VAT029 - Single vs Multiple Supplies

VATP029 states that a supply of Gold Items and making services could be categorised as:

* A single composite supply of a Gold Item; or

* Multiple supplies consisting of both goods (gold) and services (making charges)

The clarification states, the supply will be regarded as a single composite supply of gold items if:

* The supply consists of a principal component (gold item) and ancillary/incidental elements (the making service), or these components are so closely linked that it would be impossible or unnatural to split;

*If a supplier charges a single price for the gold item, including the making charge; and

* The gold item and the making service are supplied by the same supplier

On the other hand, if a supplier charges separately, or reflects separately, for the Gold Items and for the making services, the supplier is regarded as making multiple supplies of individual components. Each component would be treated as a separate supply attracting corresponding VAT treatment individually.

Implications on jewellery

VATP029 states that RCM applies only to goods and not to services. If a supplier has charged, or reflected, a separate price for the making services for B2B supplies, the supplier would be required to pay VAT on such making services. The suppliers are apparently required to submit voluntary disclosure to correct the tax treatment since 01/06/2018. Voluntary disclosure could attract administrative penalties up to 30 per cent of tax amount till date. Another direct impact could be on B2C supplies of gold items under Tourist Refund Scheme. Akin to RCM, tourist refund scheme applies only to goods and not to services. As per the reasons given in VATP029, if the jewellers charged, or reflected, the ‘making’ services separately, they would be required to make voluntary disclosures relating to such supplies to the tourists.
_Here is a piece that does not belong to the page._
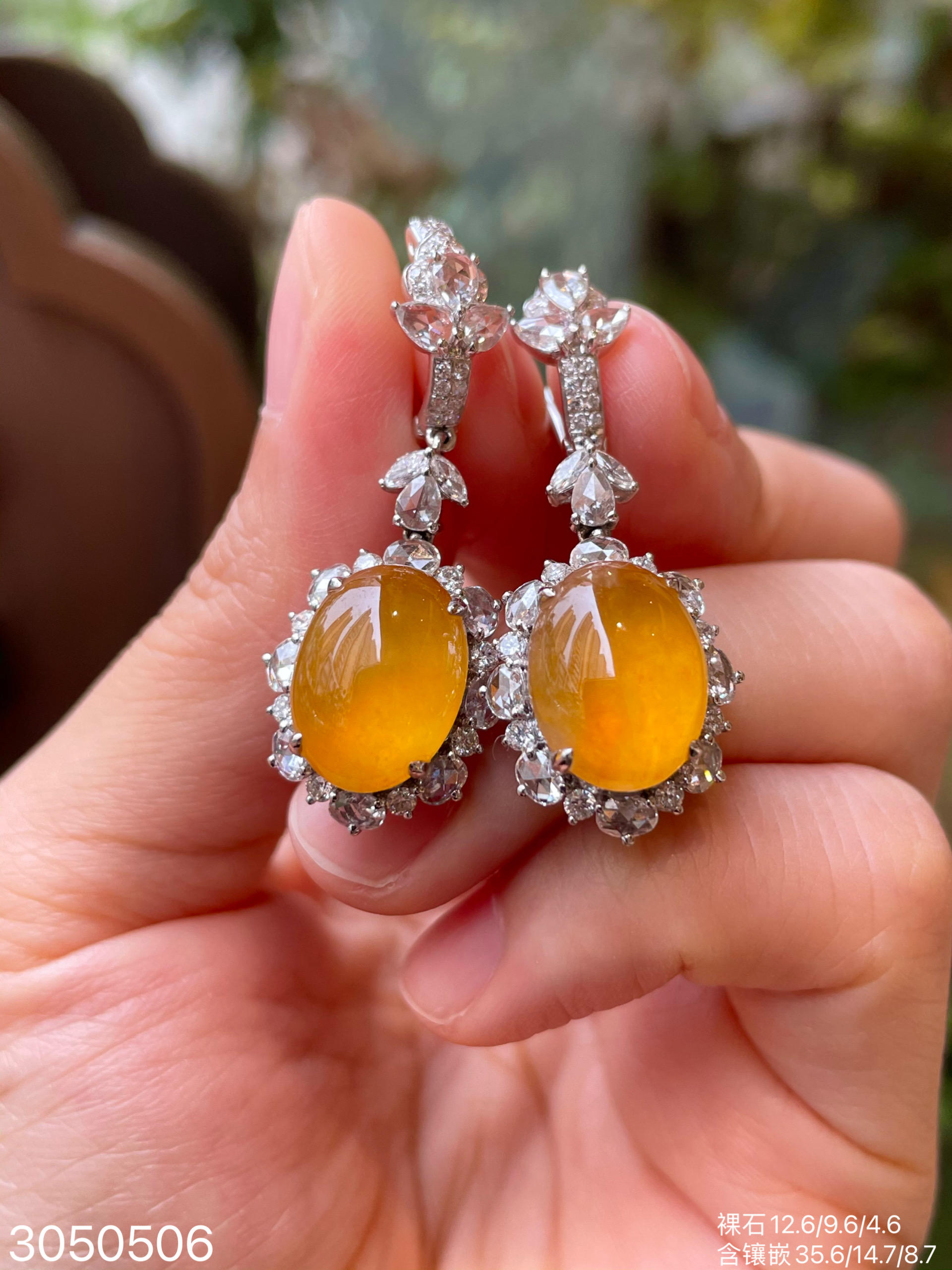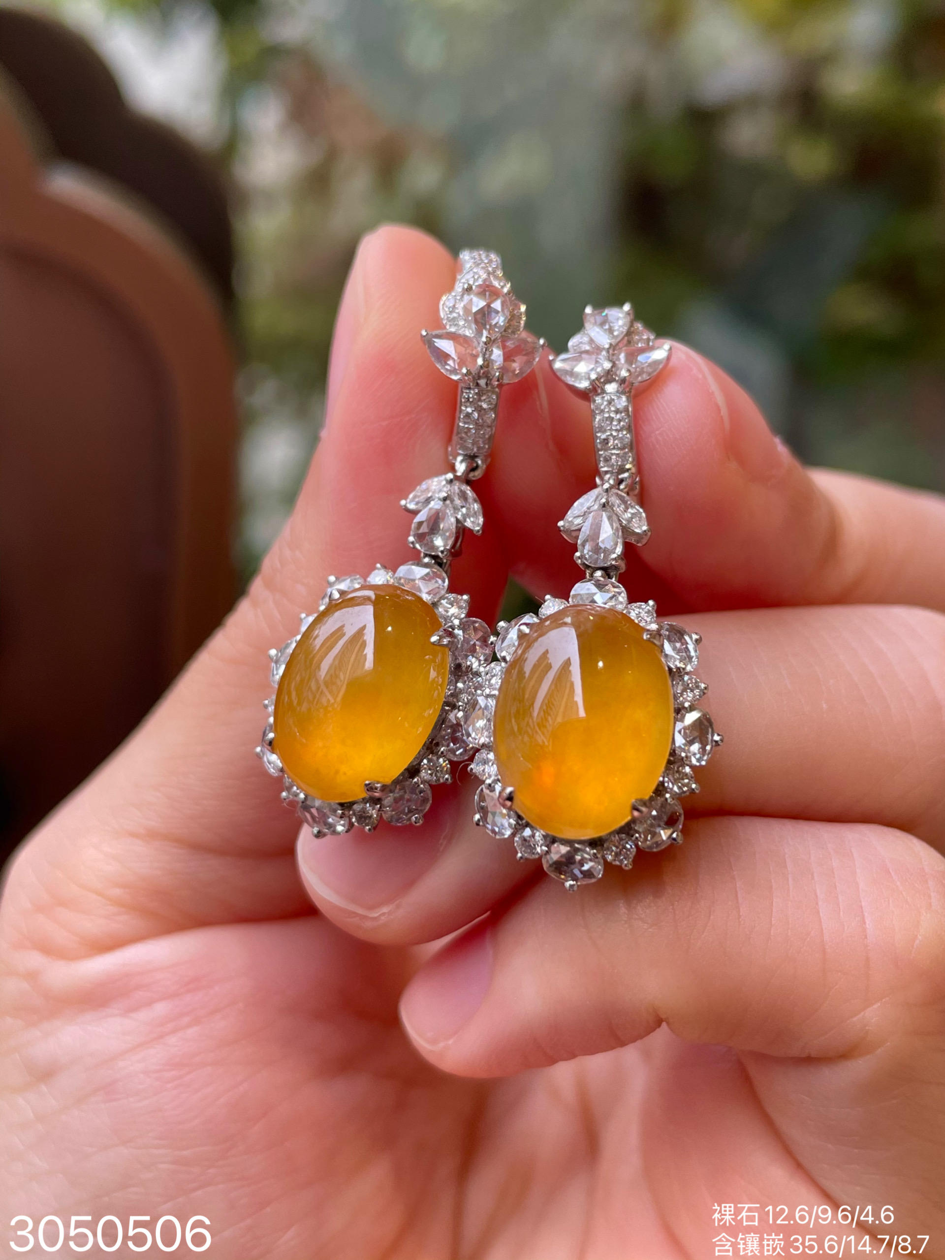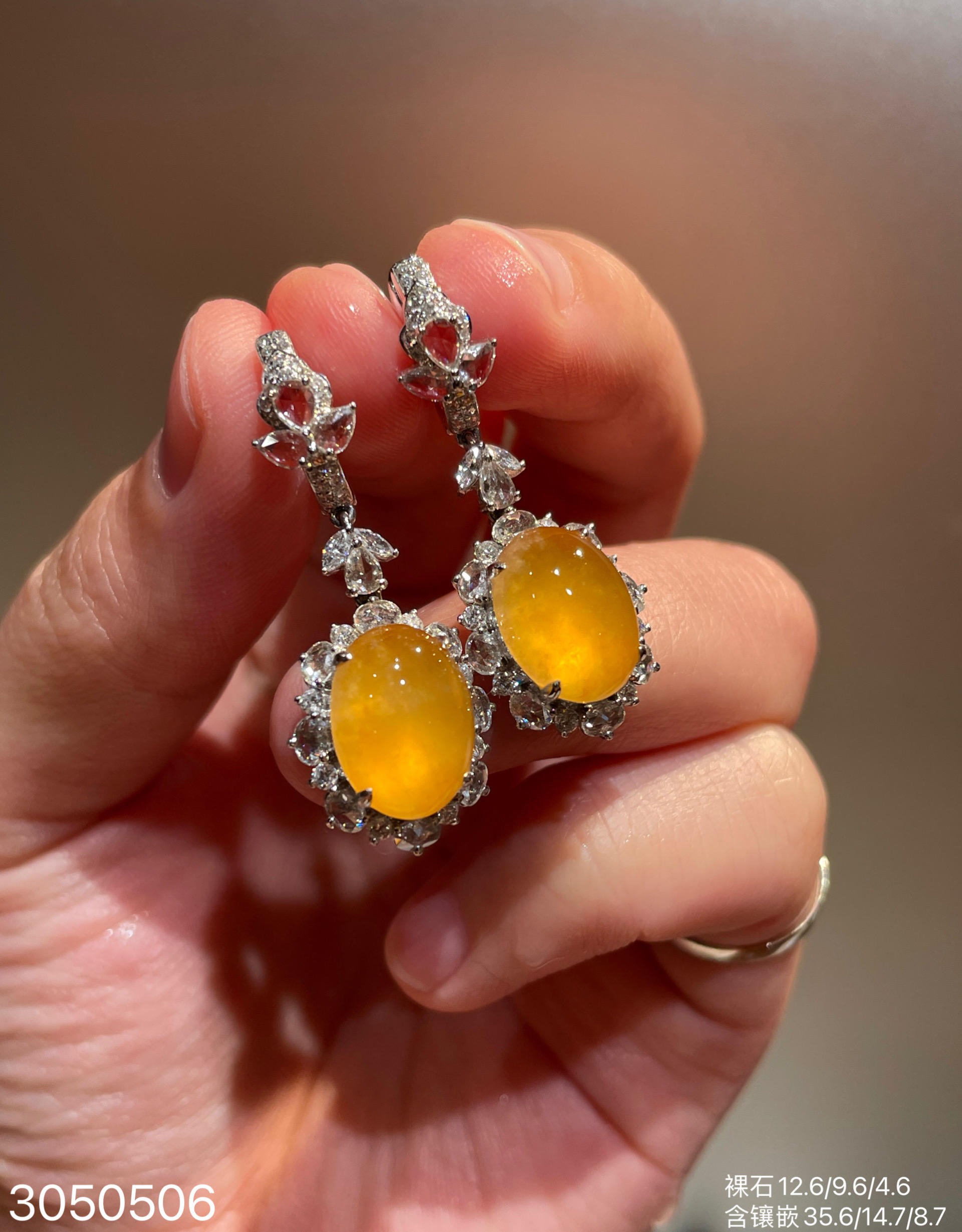 3050506、近玻璃金翡蛋面耳坠。具体价格微信咨询

International Jurisprudence and VATP029

It is interesting to note that VATP029 seems to differentiate between a single composite supply and multiple supplies primarily on the fact whether a single price has been charged or not.

The price on an invoice could be artificially split-up, or consolidated into a single price, by a supplier. The decision of the European Court of Justice (ECJ) in the case of Levob Verzekeringen BV and Part Service Srl are the landmark cases on this issue. The Court has held that the manner how the prices are reflected in a contract/invoice should not decide the nature of supplies. The determinative criteria should be the degree of linkage of two or more elements and the rationality to split those elements.

Other businesses

If charging, or reflecting, separately the prices for the goods and for services could attract VAT on services, it could have wide ramifications on many businesses.
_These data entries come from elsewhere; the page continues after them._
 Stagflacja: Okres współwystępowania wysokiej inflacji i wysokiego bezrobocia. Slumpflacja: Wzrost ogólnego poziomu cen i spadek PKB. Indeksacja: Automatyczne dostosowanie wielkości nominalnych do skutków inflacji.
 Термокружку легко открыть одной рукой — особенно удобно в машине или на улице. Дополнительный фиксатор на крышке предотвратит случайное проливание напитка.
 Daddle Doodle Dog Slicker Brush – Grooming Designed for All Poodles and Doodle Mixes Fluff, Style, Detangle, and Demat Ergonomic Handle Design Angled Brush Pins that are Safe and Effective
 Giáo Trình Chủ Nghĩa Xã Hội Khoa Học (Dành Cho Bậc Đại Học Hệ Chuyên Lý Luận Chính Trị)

To illustrate, Designated Zone suppliers often reflect separate prices for the supply of goods and for incidental services such as specialised packaging, freight etc. to the mainland customers. Though VAT would not have been charged on the total price of the supplies from DZ, VATP029 could directly impact the VAT on the service elements shown separately on the invoices. Similarly, manufacturers who charge for designing services separately before manufacturing & exporting the goods could also be impacted where the services itself do not qualify for zero-rating as exports independently. Alternatively, a leasing company could artificially split up the lease charges into (taxable) rental services and (VAT-exempt) finance services to save on VAT.

Action points

The jewellery businesses appears to have valid grounds to request for penalty waivers in relation to voluntary disclosures. It would be prudent for all businesses including the jewellery industry to first examine and understand the implications on VATP029 on their operations. A further clarification could be sought from FTA on the specific issues arising from the recent public clarification.